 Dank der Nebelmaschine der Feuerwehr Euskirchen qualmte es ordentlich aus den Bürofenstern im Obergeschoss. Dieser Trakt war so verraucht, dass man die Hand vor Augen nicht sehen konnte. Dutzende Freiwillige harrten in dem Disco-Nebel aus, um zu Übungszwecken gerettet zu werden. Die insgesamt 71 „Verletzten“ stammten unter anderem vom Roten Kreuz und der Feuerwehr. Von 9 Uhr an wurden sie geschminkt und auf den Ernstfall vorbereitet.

---

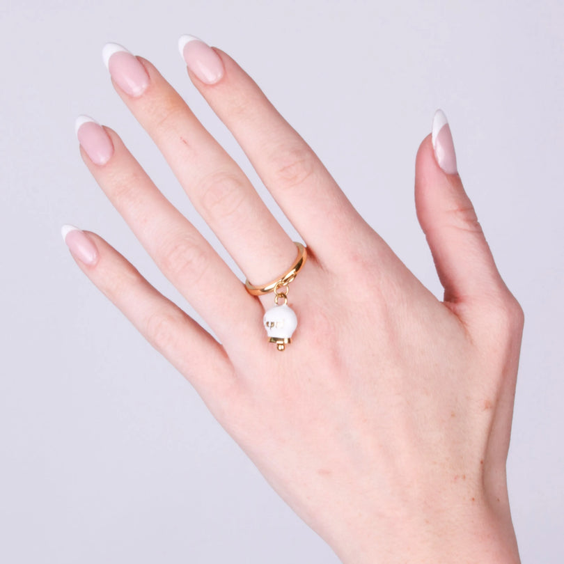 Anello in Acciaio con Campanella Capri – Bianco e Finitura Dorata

* * *

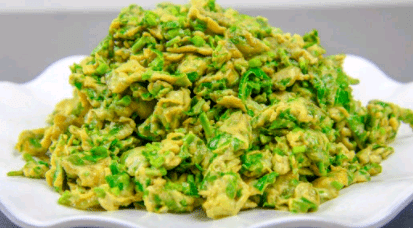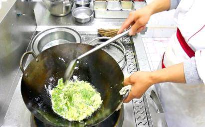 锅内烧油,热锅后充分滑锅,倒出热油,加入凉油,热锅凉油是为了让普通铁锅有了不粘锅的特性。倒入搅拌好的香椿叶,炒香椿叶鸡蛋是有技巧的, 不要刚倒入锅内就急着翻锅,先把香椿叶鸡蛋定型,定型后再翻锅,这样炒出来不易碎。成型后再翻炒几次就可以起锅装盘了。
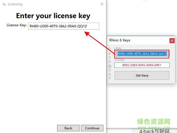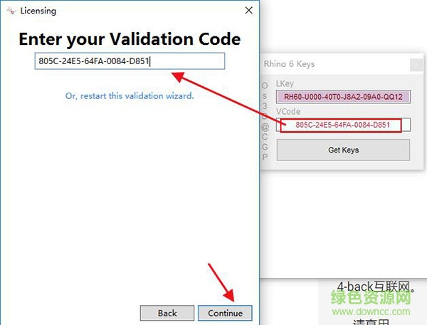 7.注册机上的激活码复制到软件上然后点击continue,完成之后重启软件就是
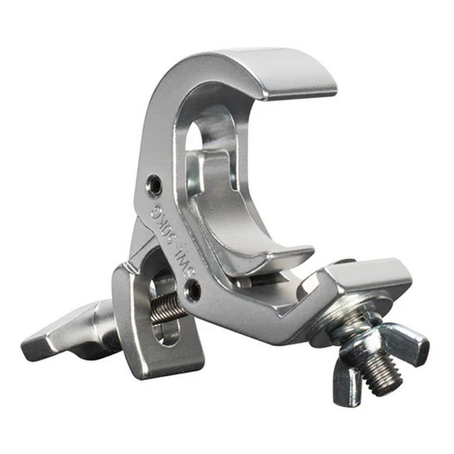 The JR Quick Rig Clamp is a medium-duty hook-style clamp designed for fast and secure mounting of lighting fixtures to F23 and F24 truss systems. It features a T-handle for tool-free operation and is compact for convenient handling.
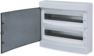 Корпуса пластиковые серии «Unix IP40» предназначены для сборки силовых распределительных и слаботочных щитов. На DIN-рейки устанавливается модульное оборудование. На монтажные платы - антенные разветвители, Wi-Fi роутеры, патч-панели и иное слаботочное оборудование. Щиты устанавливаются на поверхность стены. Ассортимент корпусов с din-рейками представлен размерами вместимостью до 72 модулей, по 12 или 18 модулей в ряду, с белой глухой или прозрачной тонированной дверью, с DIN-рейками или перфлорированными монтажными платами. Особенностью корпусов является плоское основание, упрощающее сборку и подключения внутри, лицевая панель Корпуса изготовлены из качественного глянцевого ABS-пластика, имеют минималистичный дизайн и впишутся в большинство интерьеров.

- WHAT TO WORK ON -
Print exactly the lines above that run from the one with "7.注册机上的激活码复制到软件上然后点击continue,完成之后重启软件就是" to the one with "The JR Quick", both included. No pictures.

- ANSWER TO THE EXERCISE -
 7.注册机上的激活码复制到软件上然后点击continue,完成之后重启软件就是
 The JR Quick Rig Clamp is a medium-duty hook-style clamp designed for fast and secure mounting of lighting fixtures to F23 and F24 truss systems. It features a T-handle for tool-free operation and is compact for convenient handling.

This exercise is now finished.